This year’s theme is 'Open All Hours.'

“Beyoncé has the same 24 hours in a day that we do”

- Molly Mae Hague, The Diary of a CEO Podcast

“There are now very few significant interludes of human existence … that have not been penetrated and taken over as work time, consumption time, or marketing time.” 

Jonathan Crary, 24/7: Late Capitalism and the Ends of Sleep

The idea of a 24/7 culture of waking, work, and productivity has been a reality for some time, but in our digital age, it has seeped even into the bedroom, with our devices constantly linked to the world outside. Estimations suggest adults sleep on average 1-2 hours less per night today than in the 1960s.

Alongside this, more and more of us are choosing to live in huge cities, close to round-the-clock entertainment, opportunity, accessibility and convenience.

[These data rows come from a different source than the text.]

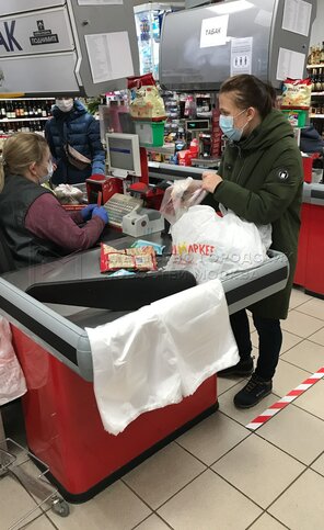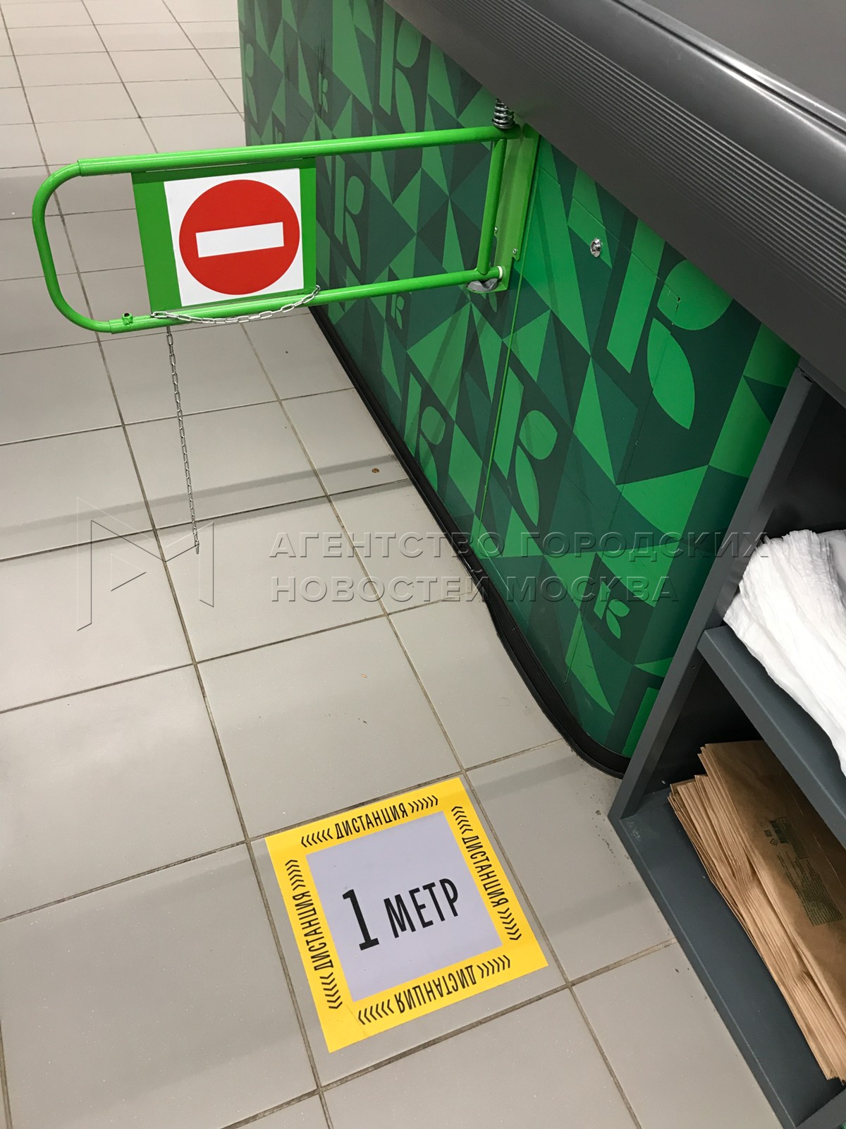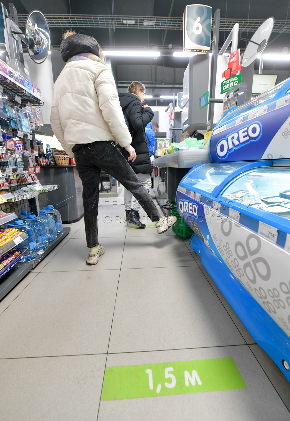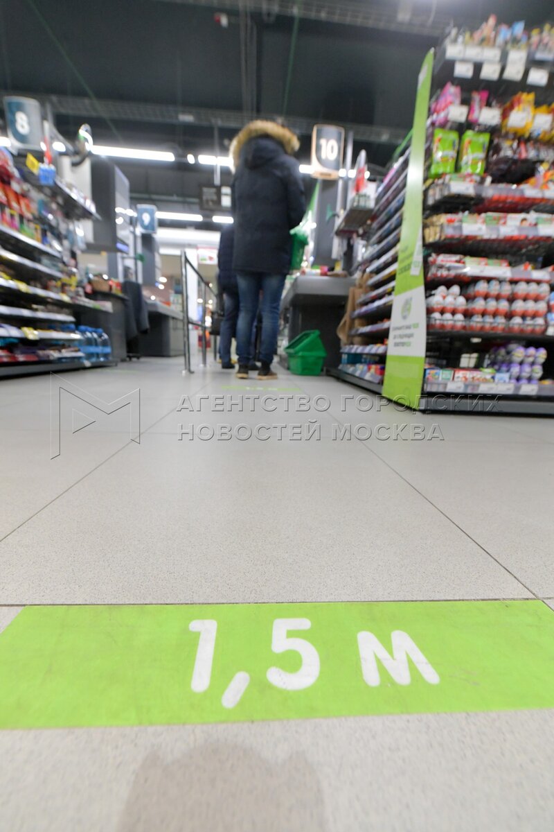 Разметка для дистанцирования покупателей в магазинах Москвы.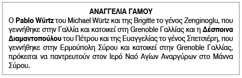 Αναγγελία Γάμου Δέσποινας Διαμαντοπούλου και Pablo Wurtz Κείμενο Βλέπε εικόνα. Αριθμός Φύλλου: 5669 Κατηγορία: Αναγγελία Γάμου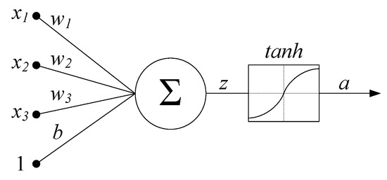 Forward propagation for the hidden layer and output layer using tanh as the activation function is shown in Equations (35)–(38).

By 2050, it’s predicted that more than two thirds of the world’s population will live in urban areas, leaving behind quieter, more isolated, and often more poorly-resourced areas.

And yet without this quiet, and with decreasing access to nature, we grow ever more disconnected from the turning of the planet that sustains us, to the rhythm of night and day, waking and rest, that is so deeply wired into what we are.

What is the cost of this to us? To be thought of as ‘successful’ today often means ‘productive,’ or in other words, the more you make and the faster you do so, the better you are - and this often translates into being better off. For disabled people in particular, the idea of productivity has been closely linked to those of ‘value’ or ‘worth.’ In our accelerating culture, where does this leave anyone who needs or wants more time to think, act, function, or simply exist?